Мне непонятно, почему играют Шопена. Это мещанский салон. Я понимаю, почему это может нравиться публике, но не понимаю, почему это нравится музыкантам. У некоторых даже возникает культ Шопена. Мне непонятно, что может в этой музыке притягивать. У меня она вызывает раздражение. Я его с детства не выношу. Сразу возникает образ провинциальной девицы, которая сентиментально играет в какой-то гостиной.

Есть композитор, которому я ни разу не изменил, – это Бах. С детства и по сей день. У меня был короткий период, когда я перестал любить Бетховена и начал предпочитать Моцарта. Это длилось полтора-два года. А Шопен противоположен Баху. У меня такое впечатление, что со дня моего рождения я его терпеть не могу до сих пор. У меня аллергия на него.

Надо правду сказать, что у Шопена хотя бы есть какая-то элегантность, которой нет в России. Правда, я не очень хорошо знаю Виельгорского или Джона Фильда.

Я не верю, когда из XIX века откапывают каких-то забытых композиторов. Если они забыты, то, наверное, они этого заслуживают.

Рихард Вагнер

Я вам скажу, у кого получилось раньше всех создать форму без схемы. Оставим в стороне Бетховена, он вне конкуренции – вот уж кто непревзойденный создатель формы! Назову другого композитора – Вагнера. Не могу считать музыку Вагнера романтической, потому что в ней есть новые формы. Она настолько богата музыкальными идеями, и в ней настолько сильная организация, что это не характерно для нечесаного романтизма.

Его творчество, которое приняло вид оперы, – это грандиозные формальные конструкции. Там нет никакого сонатного аллегро, никаких схем. Он все сам сорганизовал. Это потрясающий формальный памятник, вся огромная архитектура прекрасно выстроена. Причем это вопрос не только лейтмотивов, хотя они, конечно, играют какую-то роль в этой конструкции.

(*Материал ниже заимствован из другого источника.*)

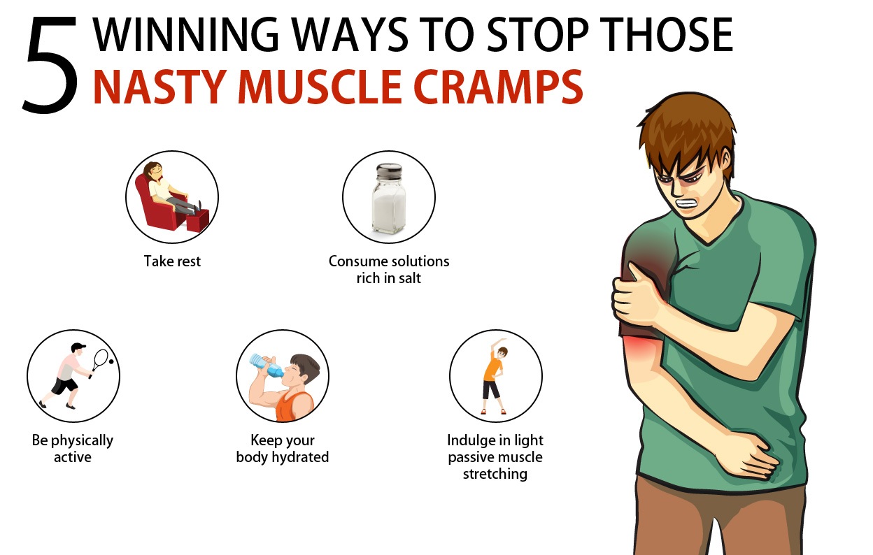 4. Keep your body hydrated Dehydration is the root of a number of troublesome conditions, muscle cramps being one of them. Make sure to always carry a water bottle with you and drink a minimum of 7-8 glasses of water on a daily basis.

Вагнер очень влияет на психологию слушателя, на его память. Вагнер бывал наивным, в том числе и когда хотел, чтобы к лейтмотивам относились буквально. Я думаю, что все его идеи о «Gesamtkunstwerk» наивны. Тексты ни гроша не стоят, следить за ними невыносимо. В этом смысле Булез прав: надо отбросить всю мишуру, которой Вагнер сам себя опутал – всю эту псевдомистику, весь мифологический мир, – и слушать это просто как музыку. Иначе невозможно.

Казалось бы, все формообразование происходит благодаря тексту, но текст-то бездарный. Все эти дамы с касками и рогами меня мало волнуют. Если подходить с чисто музыкальной стороны, «Тристан», «Ринг» и «Парсифаль» – это фантастические конструкции. Несколько с большим трудом мне давались «Мейстерзингеры», потому что они очень длинные и надо попасть на сильное и хорошее исполнение. «Парсифаль» очень интересно анализировать, Вагнер там многое суммировал.

Так что он – парадоксальная личность. С одной стороны, он вроде бы и романтик по общей эстетике, а с другой – он чрезвычайно рационален. Бесспорно, что он очень сильный творец формы.

Культ Байрейта – нездоровый. Была жуткая вагнеромания, которая захлестнула всю Европу. Появилась масса подражаний даже во Франции.

Однажды мы с Олегом Прокофьевым решили послушать все «Кольцо» подряд, не ложась спать. Мы решили начать в пять утра, делать перерывы, пить пиво и есть сосиски, как в Германии. Надо сказать, что «Зигфрид» мы дослушали, но «Гибель богов» давалась трудно. Мы не спали, но толком и не слушали. Это было глупо, но тем не менее осталось у меня в памяти как событие.